Some getters (_get_<attr>_raw) work for MD-like output, too. Here in the
SCF case, only the first item along the time axis is returned and should
only be used on calculation='scf' output.
SCF output files don't have an ATOMIC_POSITIONS block. We need to parse the
block below, which can be found at the top the file (cartesian, divided by
alat). From that, we also get symbols::
Cartesian axes
site n. atom positions (a_0 units)
1 Al tau( 1) = ( -0.0000050 0.5773532 0.0000000 )
2 Al tau( 2) = ( 0.5000050 0.2886722 0.8000643 )
3 N tau( 3) = ( -0.0000050 0.5773532 0.6208499 )
4 N tau( 4) = ( 0.5000050 0.2886722 1.4209142 )
Many quantities in PWscf's output files are always in units of the lattice
vector "a" (= a_0 = celldm1 = "alat" [Bohr]), i.e. divided by that value,
which is usually printed in the output in low precision::
lattice parameter (a_0) = 5.8789 a.u.
You can parse that value with ``get_alat(use_alat=True)``. We do that by
default: ``PwSCFOutputFile(filename, use_alat=True)`` b/c this is what most
people will expect if they just call the parser on some file. Then, we
multiply all relevent quantities with dimension length with the alat value
from pw.out automatically.
If ``use_alat=False``, we use ``alat=1.0``, i.e. all length quantities
which are "in alat units" are returned exactly as found in the file, which
is the same behavior as in all other parsers. Unit conversion happens only
when we pass things to Structure / Trajectory using self.units.

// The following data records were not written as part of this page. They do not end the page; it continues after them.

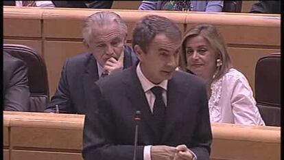 El presidente del Gobierno se ha referido también a los altercados protagonizados la semana pasada frente al Parlamento de Cataluña protagonizados por un grupo de indignados, de cuyos actos se desmarcó en bloque el Movimiento 15-M. "Lo que la democracia no puede permitir es la coacción o la intimidación... y desde luego no lo va a permitir", ha afirmado Zapatero, en respuesta al senador de CiU, Jordi Vilajona, que le ha preguntado, tras recordar los incidentes en Cataluña, cómo hacer frente al paro entre los jóvenes.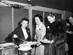 Three unidentified women serving themselves food on the porch at Shady Oak Farm during a party for Chip Roberts. The woman on the left is possibly Ruth Carter.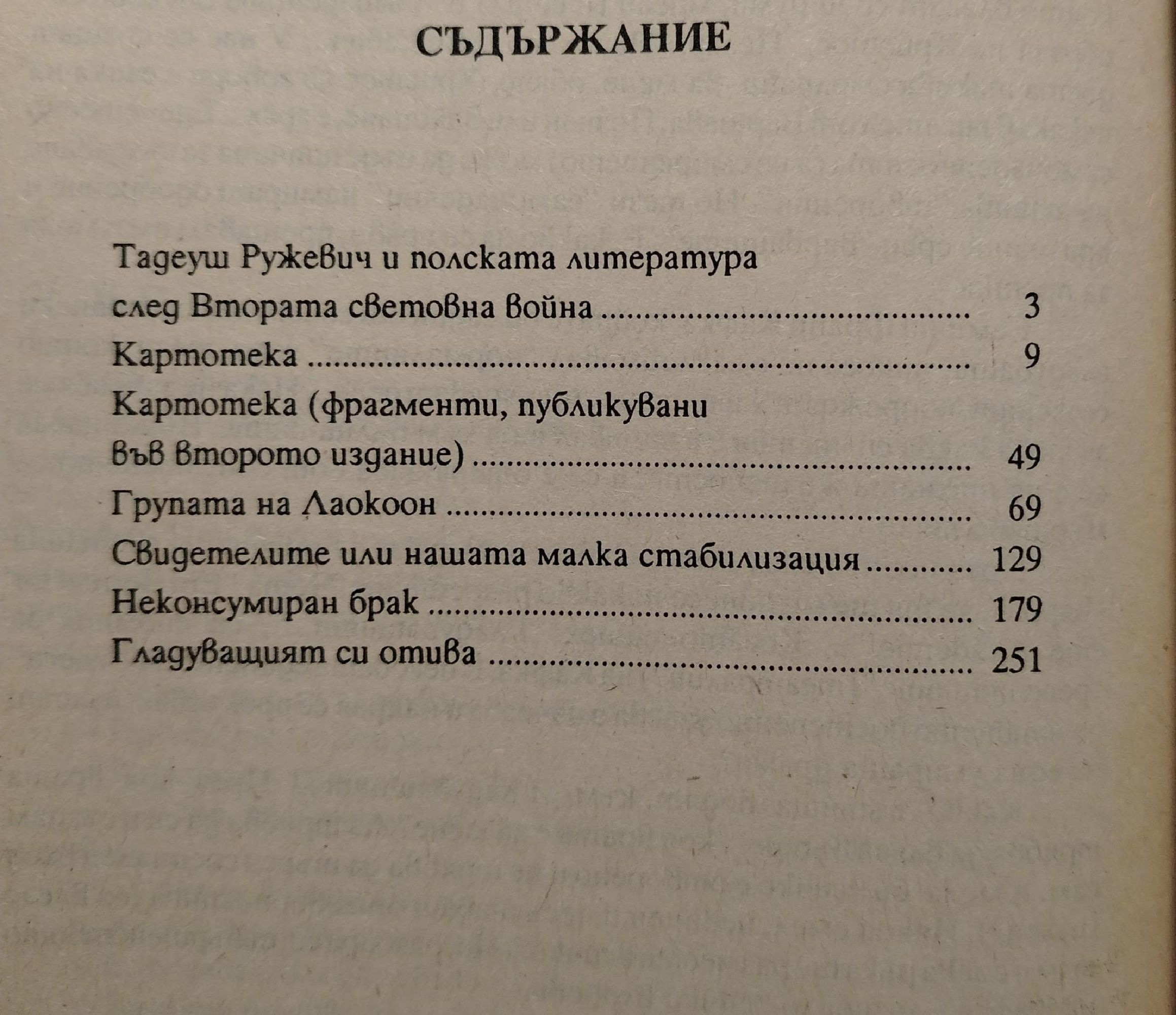 Картотека / Групата на Лаокоон / Свидетелиоте или нашата малка стабилизация / Неконсумиран брак / Гладуващият си отива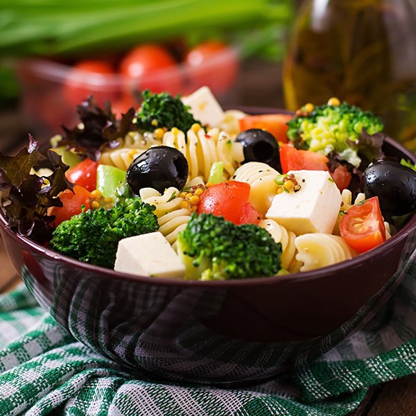 COOKED PENNE PASTA [PASTA (WHEAT), CANOLA OIL, VINEGAR, SALT, POTASSIUM SORBATE, SODIUM BENZOATE], GREEK SALAD [FETA CHEESE (PASTEURIZED MILK, BACTERIAL CULTURE, SALT, MICROBIAL ENZYME, CALCIUM CHLORI…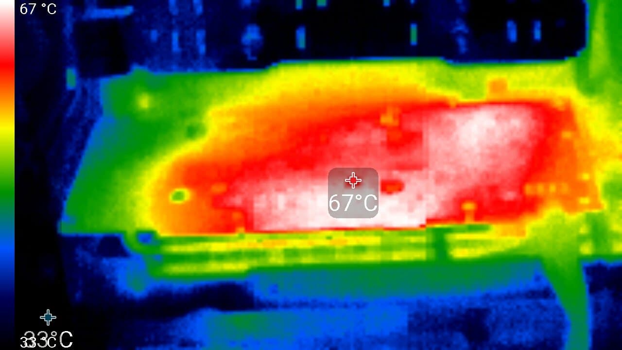Максимальный нагрев — верхний край оборотной стороны PCB.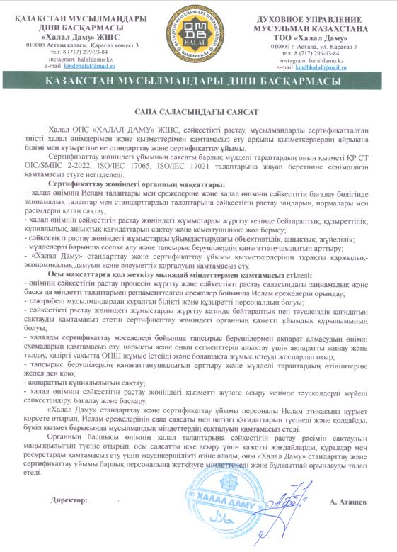 «Халал Даму»стандарттау және сертификаттау орталығы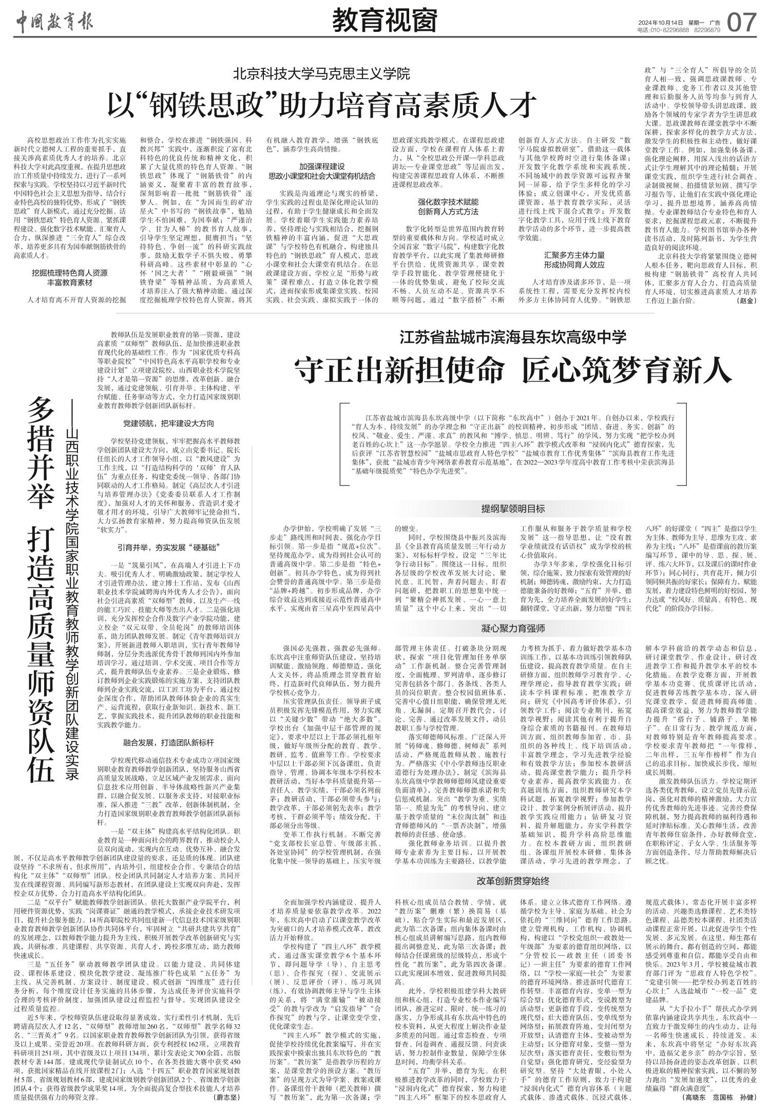 近5年来,学校师资队伍建设取得显著成效,实行柔性引才机制,先后聘请高层次人才12名,“双师型”教师增加260名,“双师型”教学名师32名、“三晋英才”9名。以国家职业教育教师教学创新团队为引领,获得省级及以上成果、荣誉近20项。在教师科研方面,获专利授权162项,立项教育科研项目251项,其中省级及以上项目134项,累计发表论文700余篇,出版教材专著144部。建成现代学徒制试点10个,在各类技能大赛中获奖450项,获批国家精品在线开放课程2门;入选“十四五”职业教育国家规划教材5部、省级规划教材6部,建成国家级别教学创新团队2个、省级教学创新团队4个;获得省级教学成果奖14项,为全面提高复合型技术技能人才培养质量提供强有力的师资支撑。(蔚志坚)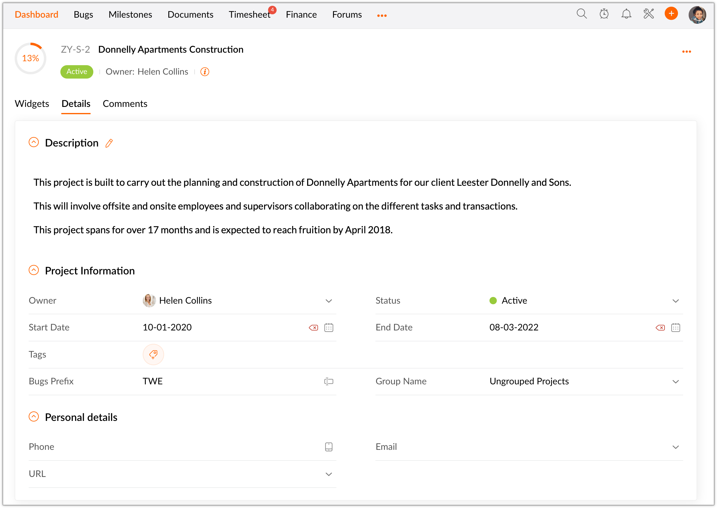 From the dashboard, you can also edit the project description, information and also add additional fields.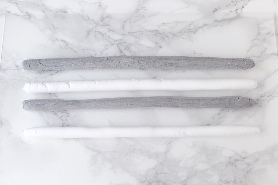 棒状に伸ばした紙ねんどを半分に折り返し、ねじります。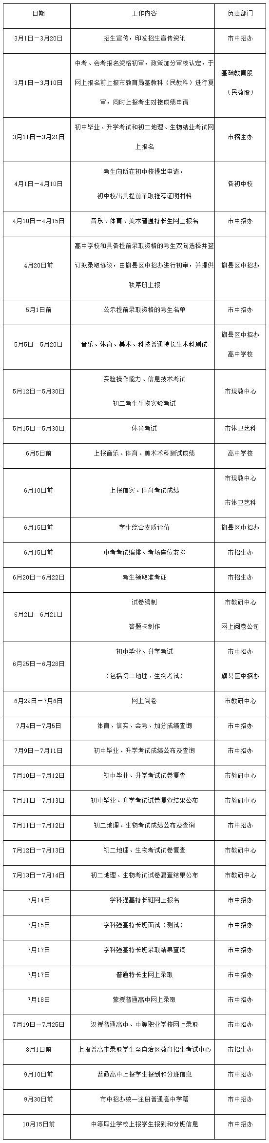 附件2:赤峰市初中毕业、升学考试及高中招生工作日程安排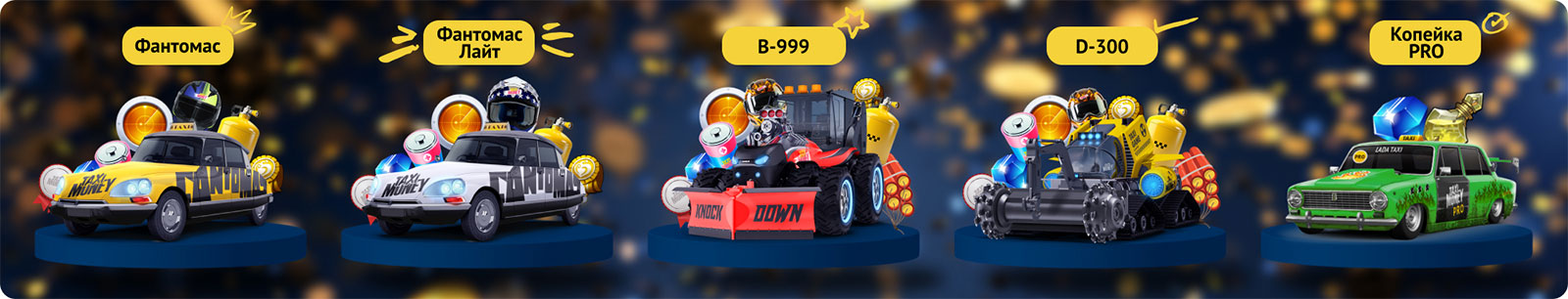 Помимо такси Экто-1, Экто-1 Лайт и бульдозера B-900 игра подарит тебе Копейку, Копейку PRO, Polo или Optima + кэшбек в подарок за депозиты на соответствующие суммы.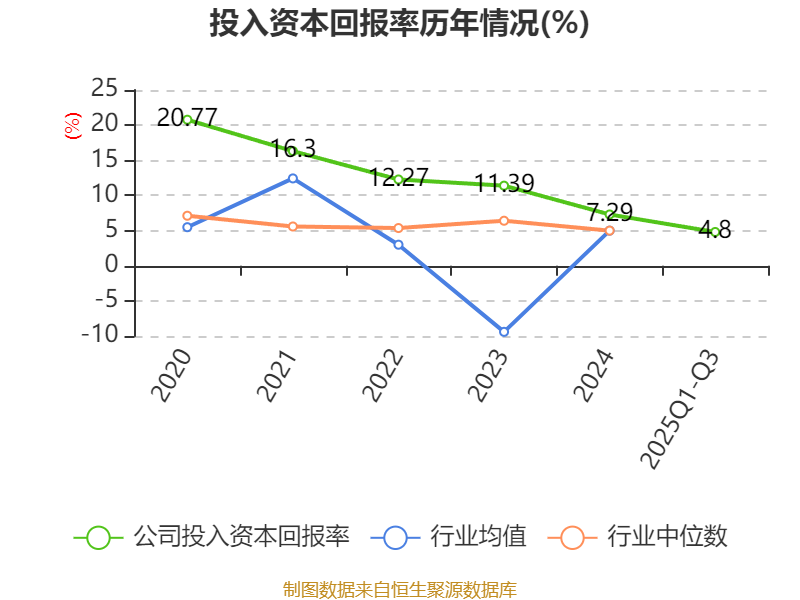 盈利能力方面, 2025年前三季度公司加权平均净资产收益率为6.73%,同比上升0.22个百分点。公司2025年前三季度投入资本回报率为4.8%,较上年同期下降0.32个百分点。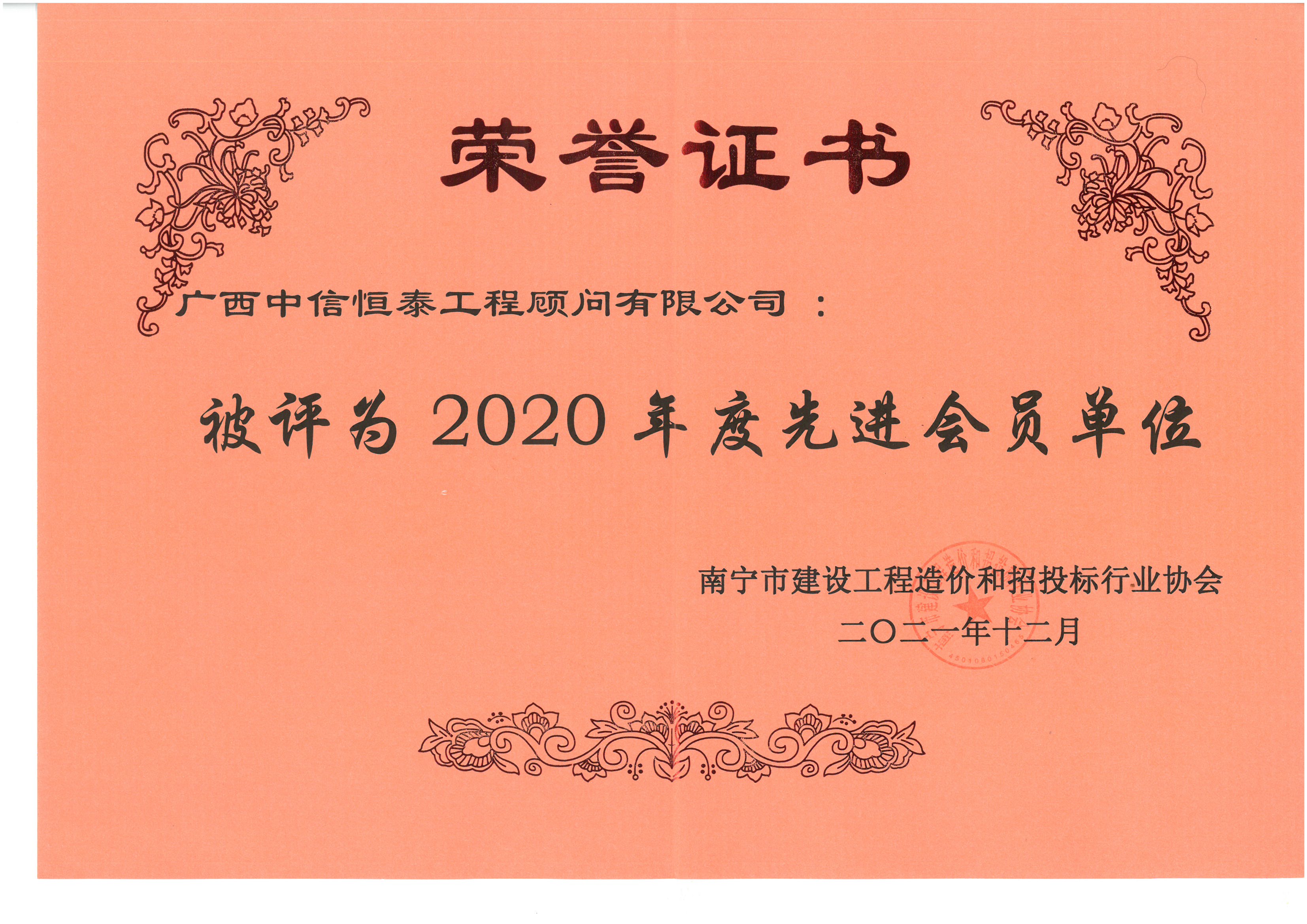 2020年度南寧市建設(shè)工程造價和招投標(biāo)行業(yè)協(xié)會先進會員單位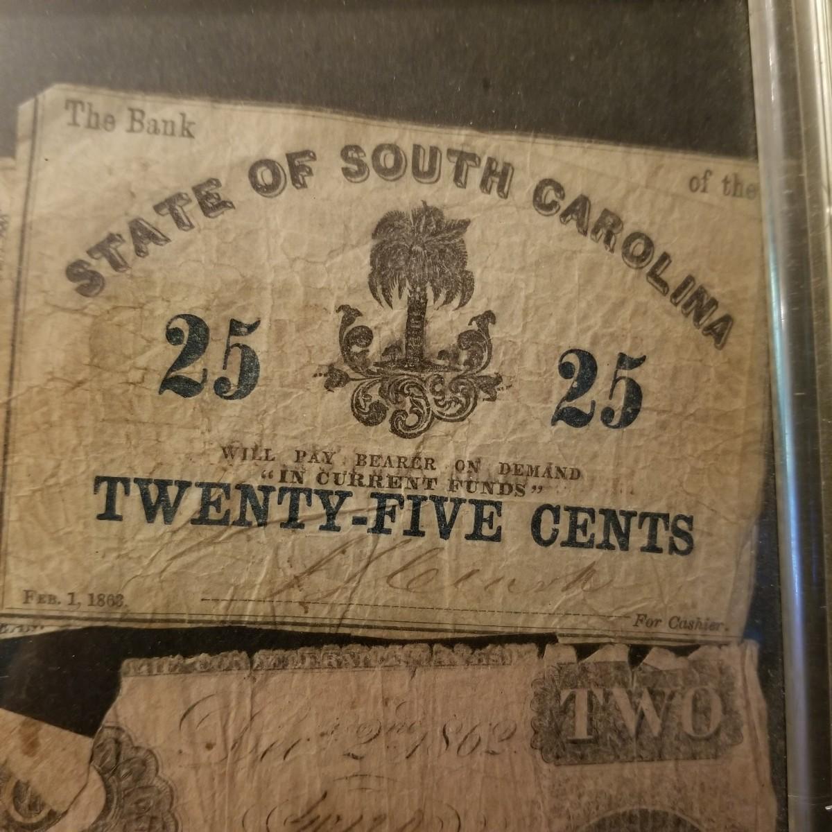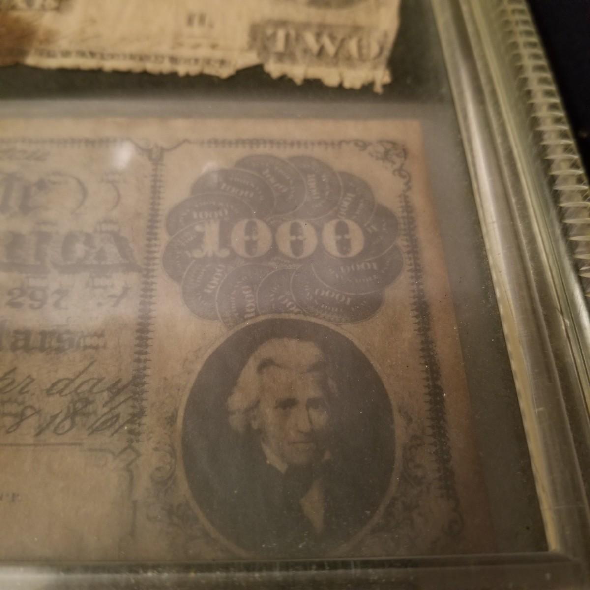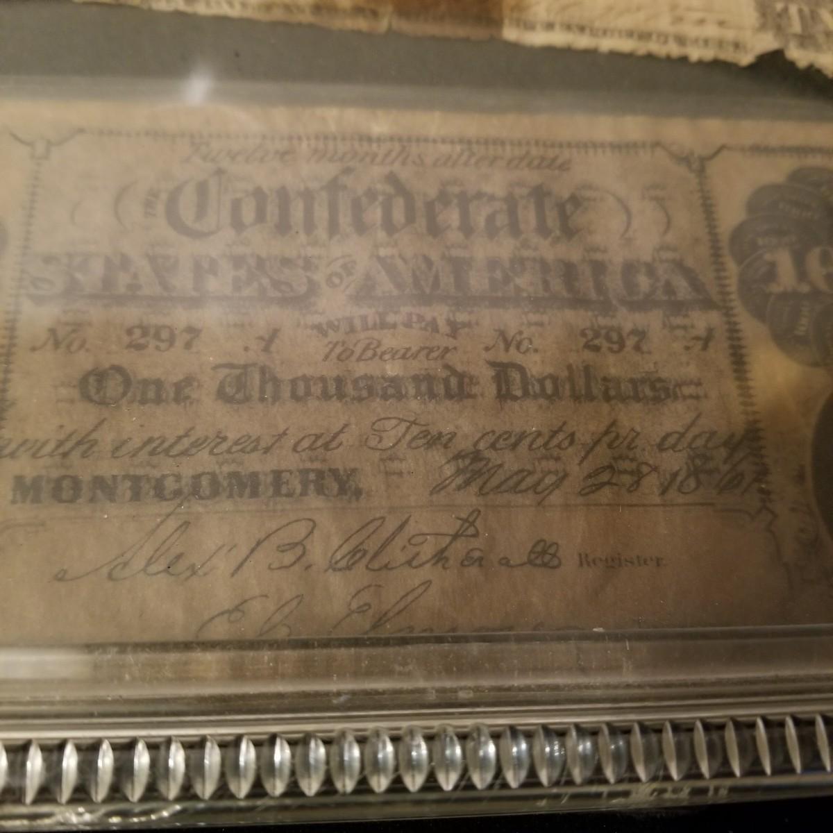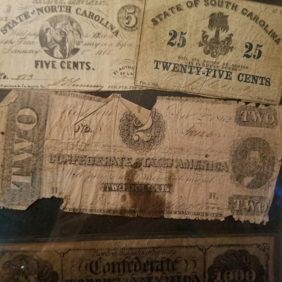 A vintage leather cap with fold down ear flaps. Buffalo emblem on leather cord at front. Inside brim is corduroy. Approximately size 7 ?. Also four pieces of vintage paper money in plastic frame, 9" x11". One North Carolina 5 cent note, one South Carolina 25 cent note. A $2 bill marked Confederate States of America, and a $1000 bill marked the same. No guarantee of authenticity, these items are well worn and some are tattered. See photos for details. Shipping available. No returns.

If you need/want to use another alat (i.e. a value with more precision),
then you need to explicitly provide that value and use ``use_alat=False``::
>>> alat = 1.23456789 # high precision value in Bohr
>>> pp = PwSCFOutputFile('pw.out', use_alat=False, units={'length': alat*Bohr/Ang})
>>> st = pp.get_struct()
``use_alat=False`` will prevent parsing the low precision value from
'pw.out'. The option ``units=...`` will overwrite ``default_units['length']
= Bohr/Ang``, which is used to convert all PWscf length [Bohr] to [Ang]
when passing things to Trajectory.
In either case, all quantities with a length unit or derived from such a
quantitiy, e.g.
| cell
| cryst_const
| coords
| coords_frac
| volume
| ...
will be correct (up to alat's precision).
All getters return PWscf standard units (Ry, Bohr, ...).
It is a special case for PWscf that a parser class may modify values parsed
from a file (multiply by alat if use_alat=True, etc) *before* they are
passed over to Structure / Trajectory b/c otherwise the numbers would be
pretty useless, unless you use `units` explicitely. To get an object with
pwtools standard units (eV, Angstrom, ...), use :meth:`get_struct`.
Notes
-----
Total force: Pwscf writes a "Total Force" after the "Forces acting on
atoms" section . This value a UNnormalized RMS of the force matrix
(f_ij, i=1,natoms j=1,2,3) printed. According to .../PW/forces.f90,
variable "sumfor", the "Total Force" is ``sqrt(sum_ij f_ij^2)``.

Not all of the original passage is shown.